Obia de Colin Niel : Plongeon en eaux troubles

Dans son troisième roman, Obia, Colin Niel nous emmène à nouveau loin des frontières hexagonales, jusqu’en Guyane, et nous fait découvrir comme personne ce territoire complexe, notamment dans ses relations avec le Suriname voisin. Ce polar mêle superbement narration haletante, description de territoires géographiques passionnants et fine analyse psychologique des personnages.

Tout commence à Saint-Laurent du Maroni, à la frontière du Suriname. Clifton Vankasie fuit les gendarmes qui le pourchassent. Quelques heures plus tôt, ces derniers ont découvert le corps de Willy Nicolas, vu quelques heures avant sa mort aux côtés de Clifton. Le lendemain, on retrouve un deuxième corps, un autre jeune assassiné. Les deux victimes étaient en fait des mules, censées transporter de la cocaïne jusqu’en France, trafic courant dans ces territoires. Le major Marcy, gendarme de Saint-Laurent, et le capitaine André Anato se chargent de l’enquête, qui va s’avérer plus complexe que prévue…

Les mots de Colin Niel nous prennent telle une drogue que l’on aurait ingurgité et qui nous pousserait à lire les 500 pages du roman presque d’une traite, sans s’arrêter, comme nous aussi « gonflés par la puissance de l’obia ». L’obia – cette préparation de guérisseur qui protège des mauvais sorts – semble nous donner des forces nouvelles. « Invincible, protégé par l’obia, rien ne pourra t’arrêter ».

Ce roman noir fouille, au-delà de l’histoire policière, un monde géopolitique complexe, entre Guyane et Suriname, ainsi que l’âme et la psychologie de chacun des personnages.
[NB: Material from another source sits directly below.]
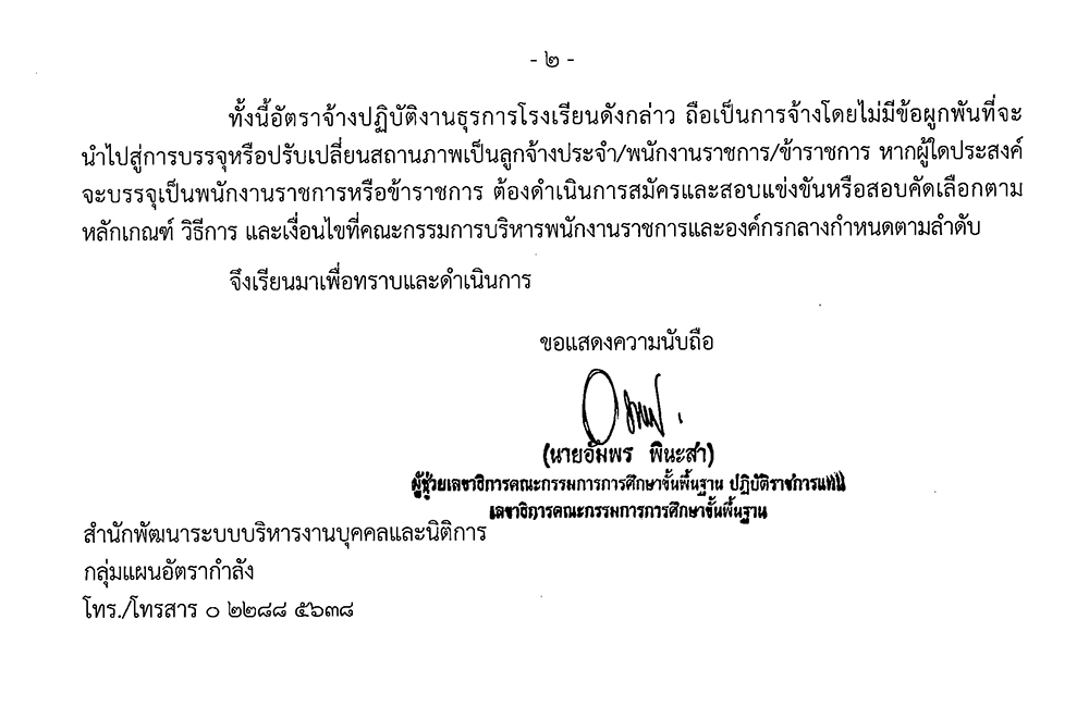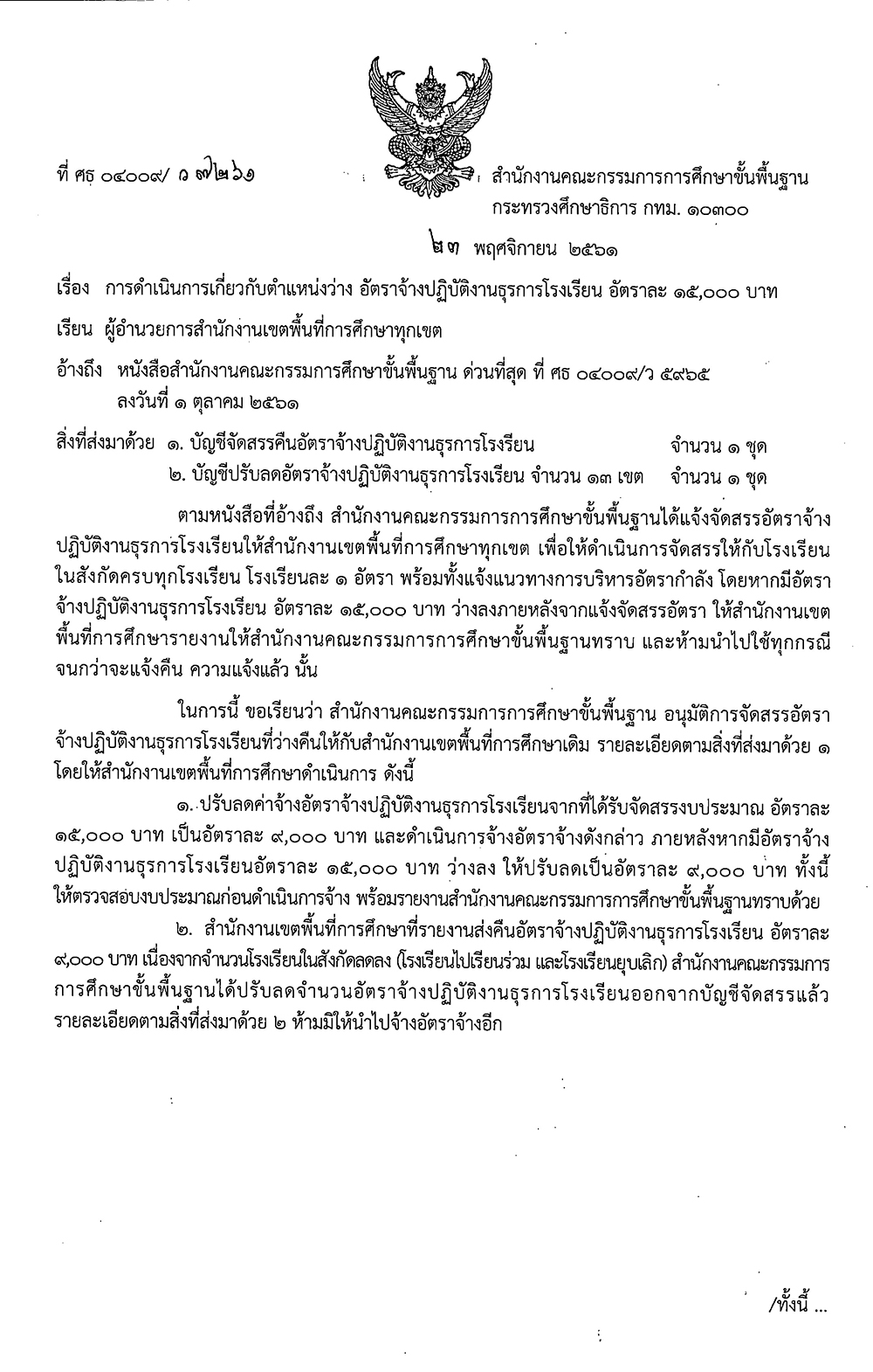 ที่ ศธ 04009/ว 7261 เรื่อง การดำเนินการเกี่ยวกับตำแหน่งว่างอัตราจ้างปฏิบัติงานธุรการโรงเรียนอัตราละ 15,000 บาท

C’est un polar plein de rebondissements : quand on croit l’affaire bouclée, il n’en est rien et la suite se révèle encore meilleure que la première partie.

Dans Obia, les personnages sont tous dessinés avec précision par l’auteur, qui a su créer pour chacun un univers propre, particulièrement crédible. Colin Niel fait alterner les points de vue et semble ainsi accorder autant d’importance à chacun de ses personnages, ce qui les rend sympathiques aux yeux du lecteur et fait qu’au fil des pages on s’attache profondément à eux. Le lecteur a l’impression d’évoluer aux côtés du capitaine Anato lors de son enquête, de partager ses découvertes, ses doutes et hésitations. Pourtant, ce personnage est présenté au début du roman comme l’outsider peu sympathique, mais Colin Niel parvient à faire sentir les failles de ce personnage. Il nous raconte son histoire familiale, ses angoisses amoureuses et ainsi le rend très humain ; il devient le complice du lecteur, son double. « Argumenter, parler de lui, de ce qu’il était vraiment, au-delà de la stature, de ces traits parfaits, de ce regard brûlant, c’était hors de ses moyens. Jamais il n’avait réussi à composer ce que tous appelaient un couple. »

La grande force de ce polar est aussi de plonger le lecteur au cœur d’un territoire complexe et méconnu : la Guyane et le Suriname. Ces lieux marquent le roman, ils lui donnent son empreinte et en deviennent presque les deux personnages principaux. Grâce à l’écriture précise et visuelle de Colin Niel, on devine les paysages, les forêts et les fleuves impétueux, « l’embouchure du fleuve et ses bancs de vase gris qui s’étiraient à fleur d’eau. Mais surtout un mur végétal moucheté de boules rouge vif : une forêt de palétuviers aux racines plongées dans l’eau salée ; et une nuée d’ibis rouges massés sur leurs perchoirs ». On partage, à travers le récit presque historique que nous livre Colin Niel, l’amour de ces habitants pour cette terre, on comprend la déchirure de l’exil ressentie par les habitants du Suriname chassés par la guerre civile.

On est transportés ailleurs, et parvenir à quitter l’univers de ce roman relève de l’exploit. Les dernières pages se parcourent avec déjà la nostalgie de cette atmosphère équatoriale.

Juliette Mantelet

Colin Niel, Obia, Les éditions du Rouergue, 496 pages, 23€.